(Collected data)
===

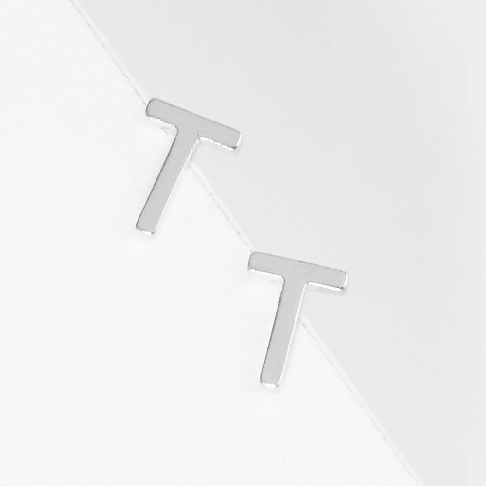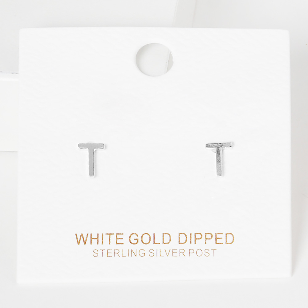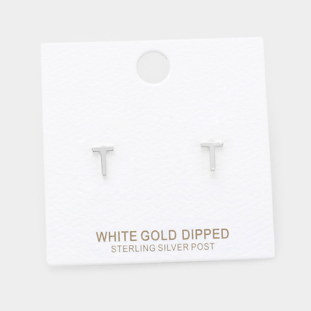 -I- White Gold Dipped Metal Initial Monogram Stud Earrings
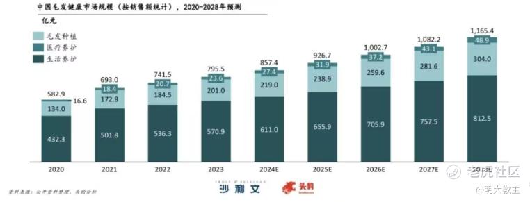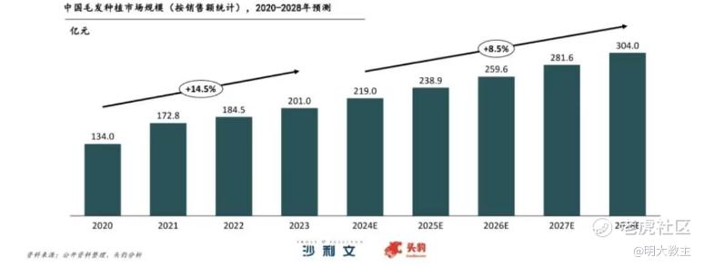弗若斯特沙利文发布的《2024年中国毛发健康服务行业研究》显示,2024-2028年我国植发市场规模将由210亿增至304亿,年化复合增速8.5%。
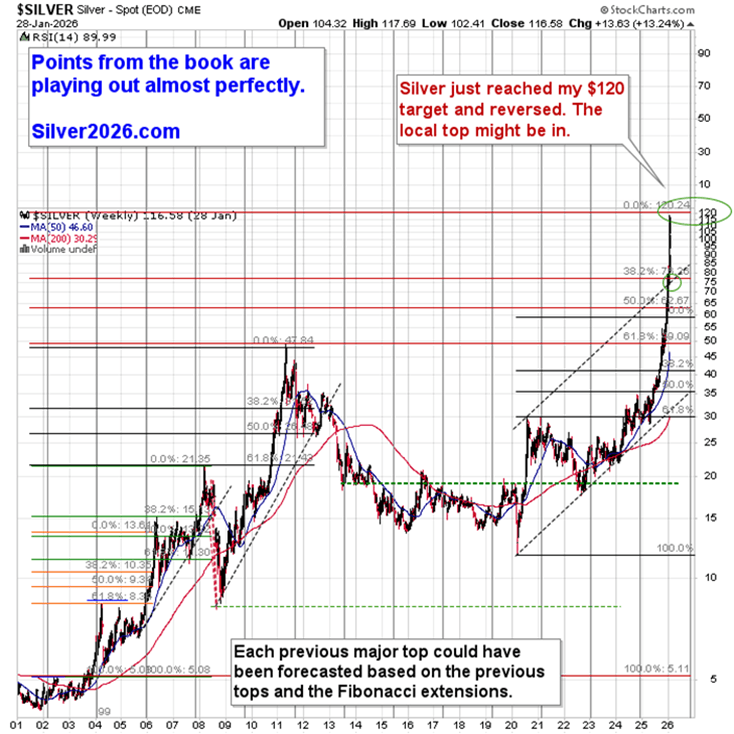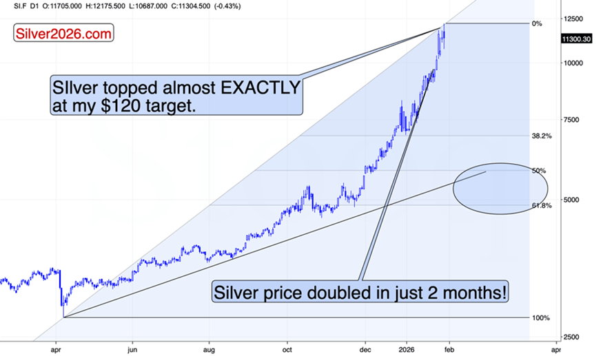 I’ve been writing about $120 target for silver for many months now. Most recently, on Monday. However, the first time I featured the above chart with $120 as the long-term target was literally years ago.
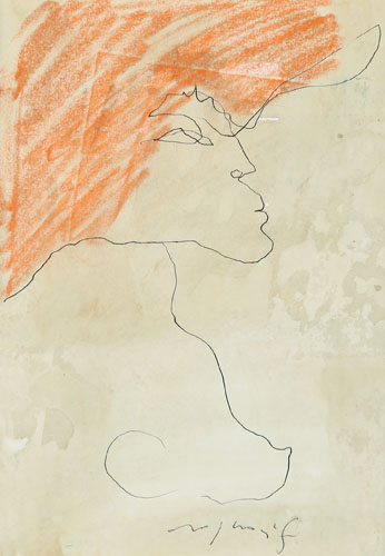 FRANCO ROGNONI Milano 20/09/1913 - Milano 11/03/1999 Figura tecnica mista su carta intelata cm. 29,5x21, firma in basso al centro, dichiarazione d'autenticità dell'artista su foto.
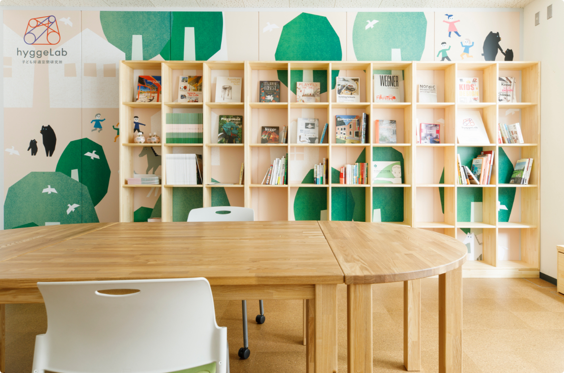 “hygge”のノウハウが蓄積された資料が常備されており、ミーティングなどを行えるスペースになっています。
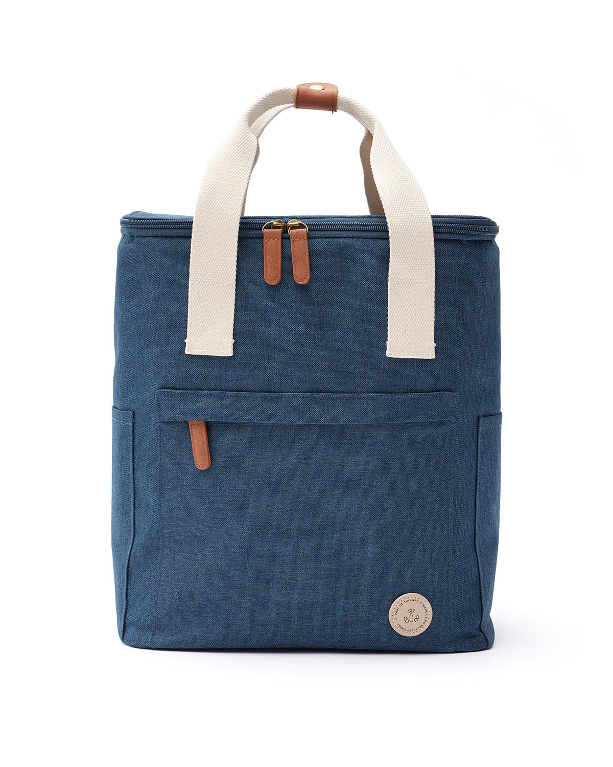 Kylryggsäck som passar utmärkt till alla utflykter, stora som små. Kylryggsäcken är försedd med två fickor på sidorna samt en större ficka fram. Den är tillverkad i 50 % återvunnet material från PET-flaskor med detaljer i konstläder och bomull. Kylryggsäcken håller kylan bra och du får enkel åtkomst med hjälp av locköppningen. På insidan av locket finns en nätficka med plats för en kylklamp så du får kyla i den övre delen av ryggsäcken som naturligt sprider sig ned i väskan. Den tjocka PEVA-vadderingen gör att kylryggsäcken håller kylan länge. Den är dessutom enkel att torka ur efter att den använts.
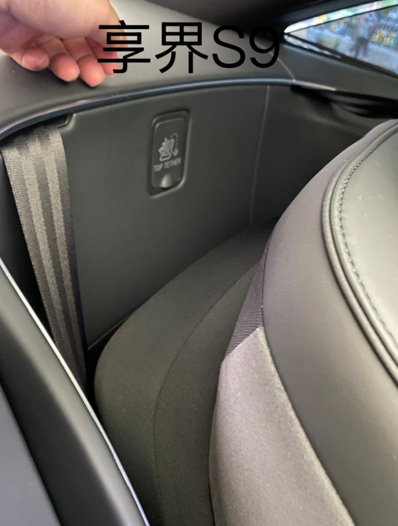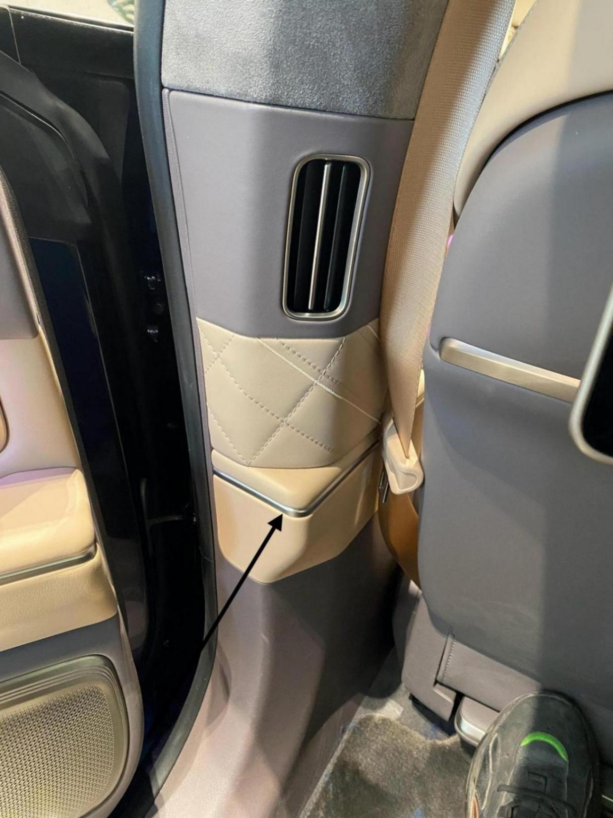二排靠背因為可以調節角度,所以靠背后與車身之間留有很大一個空隙,但是ET9看起來沒有在這里設置一個可以遮擋物品掉下去的結構。而享界S9在這里則有一個可以壓縮的遮物簾。
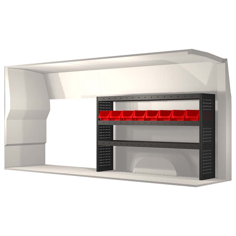 Inredningsförslaget är speciellt utformat för att passa bilmodellen perfekt. I de fall då hurtsar ingår så är dessa utrustade med kullagerskenor samt fullt utdragbara lådor med utdragsstopp. För ökad funktionalitet och minskad ljudnivå under färd är samtliga hyllor utrustade med gummimattor och hurtslådor med skumplast. Monteringssats ingår.
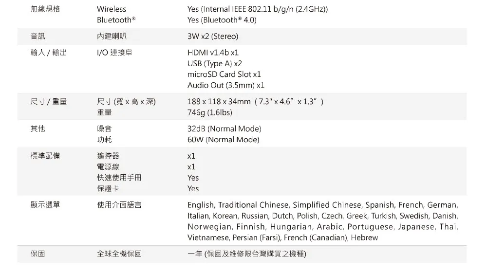 | 傳輸介面 | HDMI v1.4b、音訊輸出 (3.5mm)、USB (Type A) (x2)、microSD 卡插槽 | |
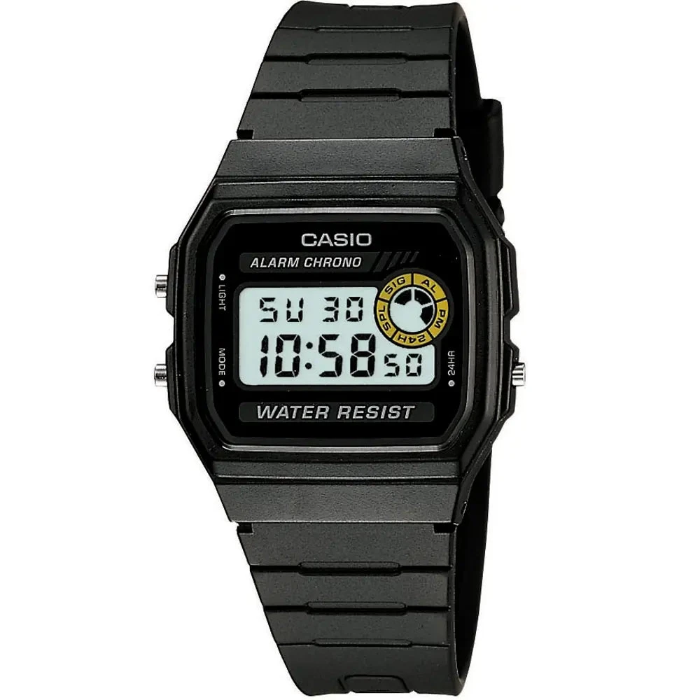 Embrace functionality and style with the Casio F-94WA-8DG Unisex Black Digital Watch. Designed for everyday convenience, this lightweight timepiece features a compact 38.2 × 33.2 × 8.5 mm resin case, paired with a durable black resin band for a comfortable fit.
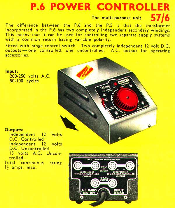 P6 controller had two independent 12v outputs, one controlled the other uncontrolled. These were required to run conventionally powered and overhead pick-up locomotives together.

===

▸ TASK PROMPT: Your answer must be the exact lines from the start of the data through the line with "I’ve been writing", inclusive, and nothing else; pictures do not belong in it.

▸ EXERCISE OUTPUT:
 -I- White Gold Dipped Metal Initial Monogram Stud Earrings
弗若斯特沙利文发布的《2024年中国毛发健康服务行业研究》显示,2024-2028年我国植发市场规模将由210亿增至304亿,年化复合增速8.5%。
 I’ve been writing about $120 target for silver for many months now. Most recently, on Monday. However, the first time I featured the above chart with $120 as the long-term target was literally years ago.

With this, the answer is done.